REQUIRED WORK: The whole listing below, with no pictures, is to be repeated as it stands.

DATA PROVIDED:

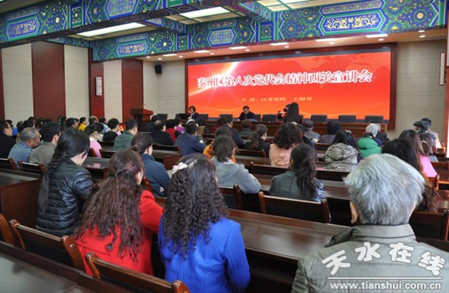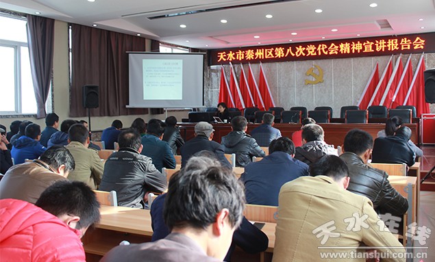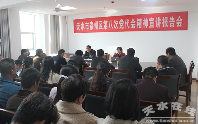 (秦州区外宣办)为把区第八次党代会精神学习宣传引向深入,10月28日起,秦州区集中安排一个月时间,采取举办宣讲报告会、专题辅导等形式,在全区迅速掀起了学习高潮。
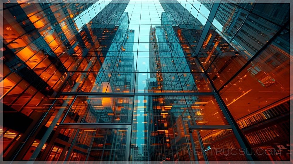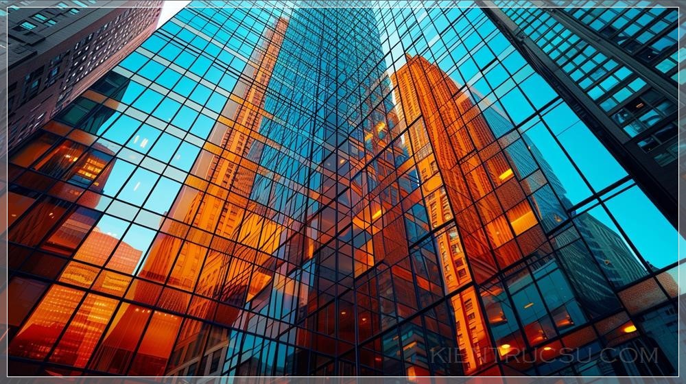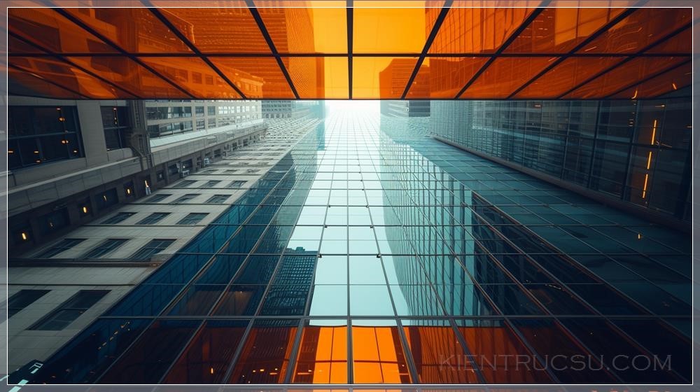 PROMPT: a building in the financial district, reflecting off the glass you can see skyscrapers, with even spaces on each side orange highlights --v 6.0 --ar 16:9 Ý Nghĩa:
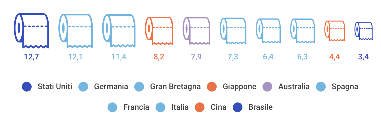 Ma quanta ce ne serve? E perché in mezzo mondo è introvabile?Sembra assurdo, ma è proprio così: il 25% della popolazione mondiale che la usa regolarmente consuma 57 strappi al giorno a testa, cioè 100 rotoli a testa l’anno. O 384 alberi abbattuti, a testa, per ciascuno di noi nel corso della sua vita. Un fabbisogno, che già in tempi normali, si legge in un reportage dell’emittente statunitense Abc, costringeva i tre maggiori produttori di carta igienica del mondo (Georgia Pacific, Kimberly Clark, Procter & Gamble) a lavorare a regime su turni di 24 ore: è l’unico modo per avere un margine di guadagno su un prodotto così poco costoso e insieme così laborioso da produrre.Ogni italiano ne consuma in media 70 rotoli ogni anno, l’equivalente di 6,3 kg (il peso della carta igienica consumata, per avere un’idea della carta utilizzata, si può vedere nel grafico in basso). Sembra tanto, ma non è nulla in confronto agli Stati Uniti, dove nel gabinetto ne finiscono ben 141 (12,7 chili). In Europa i Paesi più “spreconi” sono la Germania (134 rotoli) e la Gran Bretagna (127). Come si può vedere nel grafico, l’Italia è il Paese più risparmiatore d’Europa.
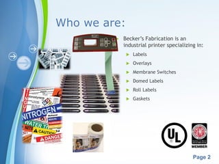 Becker's Fabrication is an industrial printing company based in Yorba Linda, CA, specializing in custom labels and overlays with a focus on quality and flexibility. The company operates from a 14,000 square foot facility with a strong ISO9002 modeled quality assurance system, leading to high customer satisfaction and low return rates. They utilize various printing technologies and maintain a skilled workforce dedicated to meeting customer needs efficiently.

EXERCISE RESPONSE:
 (秦州区外宣办)为把区第八次党代会精神学习宣传引向深入,10月28日起,秦州区集中安排一个月时间,采取举办宣讲报告会、专题辅导等形式,在全区迅速掀起了学习高潮。
 PROMPT: a building in the financial district, reflecting off the glass you can see skyscrapers, with even spaces on each side orange highlights --v 6.0 --ar 16:9 Ý Nghĩa:
 Ma quanta ce ne serve? E perché in mezzo mondo è introvabile?Sembra assurdo, ma è proprio così: il 25% della popolazione mondiale che la usa regolarmente consuma 57 strappi al giorno a testa, cioè 100 rotoli a testa l’anno. O 384 alberi abbattuti, a testa, per ciascuno di noi nel corso della sua vita. Un fabbisogno, che già in tempi normali, si legge in un reportage dell’emittente statunitense Abc, costringeva i tre maggiori produttori di carta igienica del mondo (Georgia Pacific, Kimberly Clark, Procter & Gamble) a lavorare a regime su turni di 24 ore: è l’unico modo per avere un margine di guadagno su un prodotto così poco costoso e insieme così laborioso da produrre.Ogni italiano ne consuma in media 70 rotoli ogni anno, l’equivalente di 6,3 kg (il peso della carta igienica consumata, per avere un’idea della carta utilizzata, si può vedere nel grafico in basso). Sembra tanto, ma non è nulla in confronto agli Stati Uniti, dove nel gabinetto ne finiscono ben 141 (12,7 chili). In Europa i Paesi più “spreconi” sono la Germania (134 rotoli) e la Gran Bretagna (127). Come si può vedere nel grafico, l’Italia è il Paese più risparmiatore d’Europa.
 Becker's Fabrication is an industrial printing company based in Yorba Linda, CA, specializing in custom labels and overlays with a focus on quality and flexibility. The company operates from a 14,000 square foot facility with a strong ISO9002 modeled quality assurance system, leading to high customer satisfaction and low return rates. They utilize various printing technologies and maintain a skilled workforce dedicated to meeting customer needs efficiently.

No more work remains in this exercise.